- Understand that time is your enemy. You are bleeding cash. Your ideas will deteriorate over time as competitors inevitably crowd in. You have no time to waste. You are not going on vacation…for a while.
- If your strategy doesn’t gain traction in the first two years which I define as positive cash flow, you will probably fail.
- Leave your ego at home. If your original idea is not gaining clients, then change it.
- Investment bankers are important to you. Just remember they are in it for the money–for themselves as well as you. You don’t need to be running around outside the office pitching investors with the Power Point your teenage son helped you put together. Let the pros do it for you. They have access to data and investor lists that would take you hours to replicate.
- How much of your business will you sell to raise outside capital? The answer is as little as possible but as much as you need to get or keep going. When you get you back up remember if their demands seem outrageous, a 100% of zero ( you) is zero.

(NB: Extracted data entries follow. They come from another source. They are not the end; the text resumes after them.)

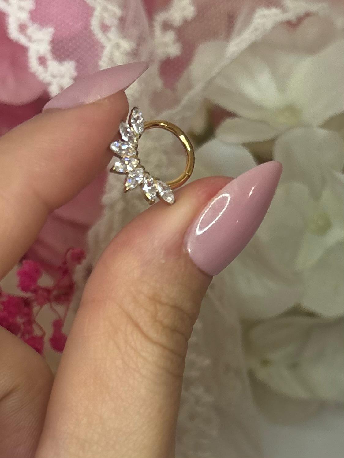 Acest piercing tip inel clicker este realizat din titan premium (ASTM F136), fiind ideal pentru pielea sensibilă și purtare zilnică. Designul său rafinat este evidențiat de un șir de pietre zirconia tip marquise, dispuse în formă de evantai, care oferă un efect spectaculos de strălucire și eleganță.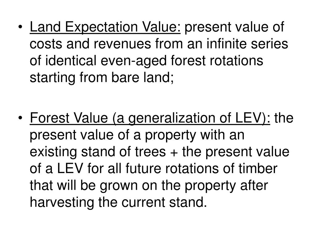Land Expectation Value: present value of costs and revenues from an infinite series of identical even-aged forest rotations starting from bare land; • Forest Value (a generalization of LEV): the present value of a property with an existing stand of trees + the present value of a LEV for all future rotations of timber that will be grown on the property after harvesting the current stand.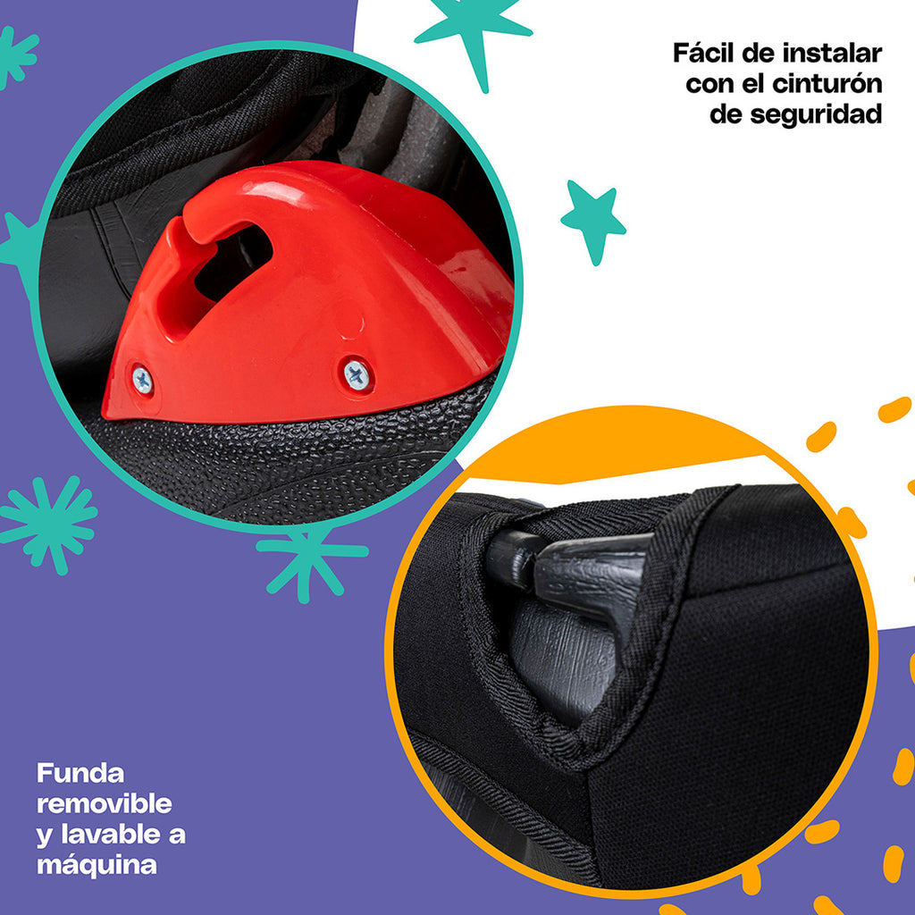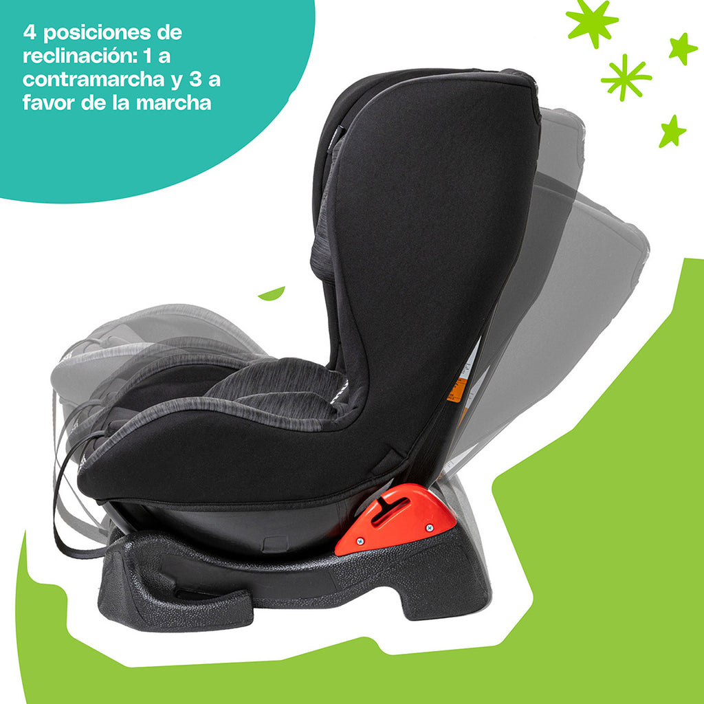 Almohadilla acolchada, 4 posiciones de reclinación, una a contramarcha y tres a favor de la marcha, que se ajustan a cada etapa de crecimiento. Es fácil de instalar utilizando el cinturón de seguridad del auto, y su funda removible y lavable a máquina facilita la limpieza.

- Don’t waste money on a lawyer to write you non-disclosure agreement. Find one on the internet and copy it. Institutional investors typically will not sign one. Secondly, a NDA is notoriously difficult to enforce. If having one makes you feel better, like a life jacket under the seat of your next commercial flight, then use one. Don’t make it effective for more than two years. You look naive enough asking for one. They are almost meaningless.
- If you really want meaningful protection from competitors, gain market share through being the first mover, this is the best protection. Hackers will steal your code anyway, so go as fast as you can.
- If the first four pages of your pitch book are disclaimers, you can be sure the investors knows you are wasting time and money on lawyers. You have neither, you are not GE. Do you really think you have to warn investors you are making forward-looking statements when you haven’t even started the business?
- The monies you raise will determine the makeup of your board of directors. Press them to make introductions, after all, they have a vested interest in your success.
- If you feel an advisory board might be useful, make sure you are only inviting experts in the business you are creating. Find a way to pay them.